French-based Israeli filmmaker Eyal Sivan gathers together a number of people from both the Jewish and Palestinian camps and has them give their views on the possibility of a single state. These range from Omar Barghouti, former Deputy Mayor of Jerusalem Meron Benvenisti, Palestino-Israeli Knesset Member Haneen Zouabi, Israeli academics Ilan Pappe and Ariella Azoulay, Arab rights lawyer Hassan Jabareen, Jewish poet Eliaz Cohen, Palestinian economist Leila Farsakh, Hadash party member Yael Lerer (who also has a cameo role as a lawyer in Omar) and Ha’aretz journalist Gideon Levy. The interviews are shown in split-screen and are filmed as binomial dialogues. The artifice makes the film more art-installation than anything particularly cinematic but Common State is compelling nonetheless.

You can argue that the principals are all of an intelligentsia far removed from popular sentiment on either side of the divide – it is definitely true that all those interviewed are broadly left-leaning and there is none of the toxic racial determinism so widespread among Israelis or the opportunistic Holocaust denial and anti-semitism that blights some Palestinian discourse.
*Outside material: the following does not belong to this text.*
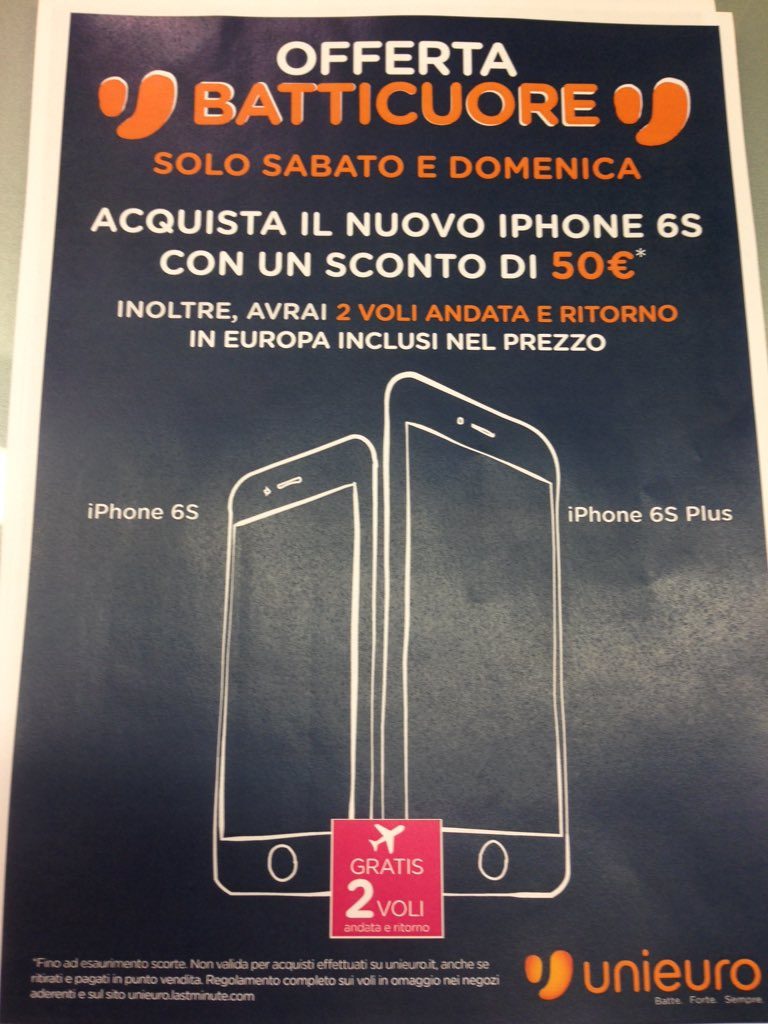 Il nostro follower Mirco, che ringraziamo, ci segnala l’offerta Unieuro valida solo oggi e domani, 50€ di sconto su iPhone 6s e 6s Plus, in più 2 voli andata e ritorno in Europa.

Still, it can’t be denied that this attempt at a ‘potential conversation’ is lucid and intelligent. The one-state solution is dismissed by many as utopian and detached from reality – given how neighbouring communities even in rich countries such as Canada and Belgium can’t get along – but the ideas broached here are about a shift in mentality rather than a project for an immediately tangible state. Roucham Marton, the only interviewee old enough to remember life before 1948, says it was a time marked by more tolerance than the present (despite real atrocities committed by either side) and that she prefers not to talk of love, ‘because love always ends in tears’. Sival, whose criticism of the Israeli state has earned him smears from the likes of French Zionist Alain Finkielkraut, is to be commended for this colloquium. The comments contained within it will seem inconceivable to many who are trapped inside the confines of two-state orthodoxy but in decades to come, it will be these interviewees who, for better or for worse, will be proven right.